→ REQUIRED ACTION: Using the listing below, retype exactly the lines starting at the one with "샤워 후에는 욕실용 스퀴지나" and ending at the one with "On dated 11th", and include both.

→ DATA IN THIS EXERCISE:
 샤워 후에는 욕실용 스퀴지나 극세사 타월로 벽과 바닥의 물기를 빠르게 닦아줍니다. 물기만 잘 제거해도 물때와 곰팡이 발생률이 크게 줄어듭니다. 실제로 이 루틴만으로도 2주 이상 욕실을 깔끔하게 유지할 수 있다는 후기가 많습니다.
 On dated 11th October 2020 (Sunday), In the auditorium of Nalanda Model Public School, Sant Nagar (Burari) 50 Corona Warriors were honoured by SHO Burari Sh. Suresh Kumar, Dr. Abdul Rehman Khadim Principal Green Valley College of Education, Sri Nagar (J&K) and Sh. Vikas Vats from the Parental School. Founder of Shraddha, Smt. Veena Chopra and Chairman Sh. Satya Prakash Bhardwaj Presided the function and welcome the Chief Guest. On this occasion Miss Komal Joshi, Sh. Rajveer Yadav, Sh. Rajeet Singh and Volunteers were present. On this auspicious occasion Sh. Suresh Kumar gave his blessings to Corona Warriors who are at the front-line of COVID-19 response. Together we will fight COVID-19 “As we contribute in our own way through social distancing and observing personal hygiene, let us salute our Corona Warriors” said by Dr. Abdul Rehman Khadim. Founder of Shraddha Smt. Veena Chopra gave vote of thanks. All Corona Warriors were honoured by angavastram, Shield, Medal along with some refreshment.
...
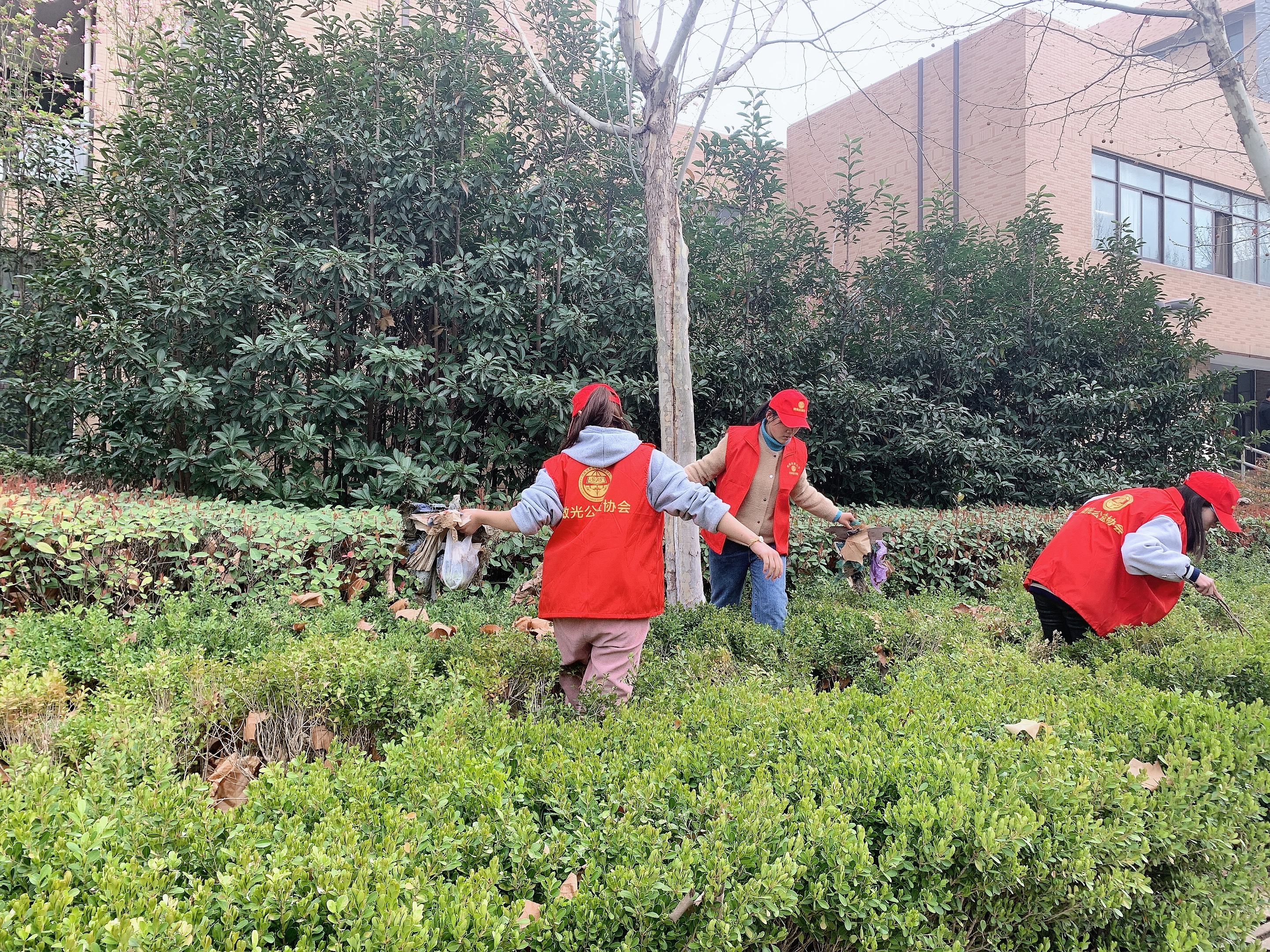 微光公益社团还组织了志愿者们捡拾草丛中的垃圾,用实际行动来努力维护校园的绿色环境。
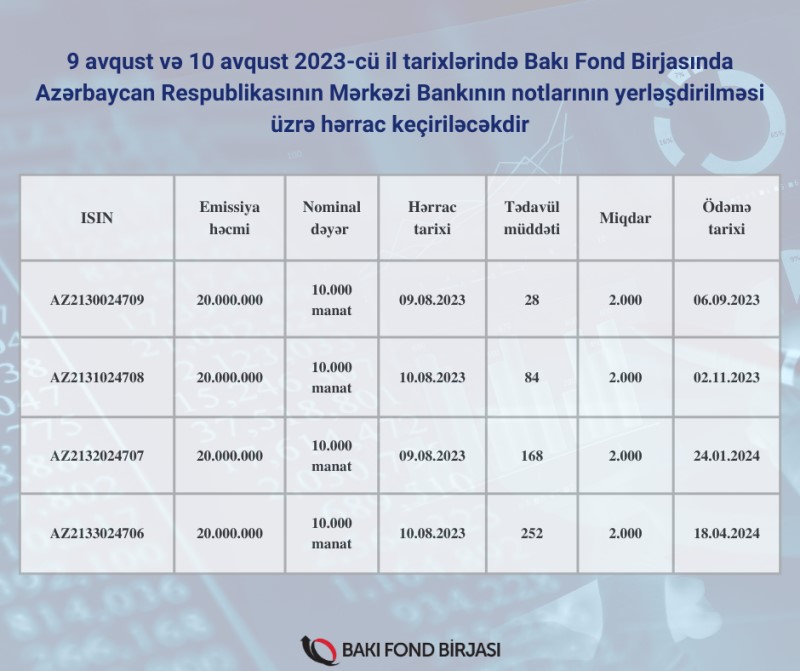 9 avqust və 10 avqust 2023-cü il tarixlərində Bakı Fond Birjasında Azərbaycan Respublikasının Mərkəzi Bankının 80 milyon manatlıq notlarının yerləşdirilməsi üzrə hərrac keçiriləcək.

→ YOUR SOLUTION:
 샤워 후에는 욕실용 스퀴지나 극세사 타월로 벽과 바닥의 물기를 빠르게 닦아줍니다. 물기만 잘 제거해도 물때와 곰팡이 발생률이 크게 줄어듭니다. 실제로 이 루틴만으로도 2주 이상 욕실을 깔끔하게 유지할 수 있다는 후기가 많습니다.
 On dated 11th October 2020 (Sunday), In the auditorium of Nalanda Model Public School, Sant Nagar (Burari) 50 Corona Warriors were honoured by SHO Burari Sh. Suresh Kumar, Dr. Abdul Rehman Khadim Principal Green Valley College of Education, Sri Nagar (J&K) and Sh. Vikas Vats from the Parental School. Founder of Shraddha, Smt. Veena Chopra and Chairman Sh. Satya Prakash Bhardwaj Presided the function and welcome the Chief Guest. On this occasion Miss Komal Joshi, Sh. Rajveer Yadav, Sh. Rajeet Singh and Volunteers were present. On this auspicious occasion Sh. Suresh Kumar gave his blessings to Corona Warriors who are at the front-line of COVID-19 response. Together we will fight COVID-19 “As we contribute in our own way through social distancing and observing personal hygiene, let us salute our Corona Warriors” said by Dr. Abdul Rehman Khadim. Founder of Shraddha Smt. Veena Chopra gave vote of thanks. All Corona Warriors were honoured by angavastram, Shield, Medal along with some refreshment.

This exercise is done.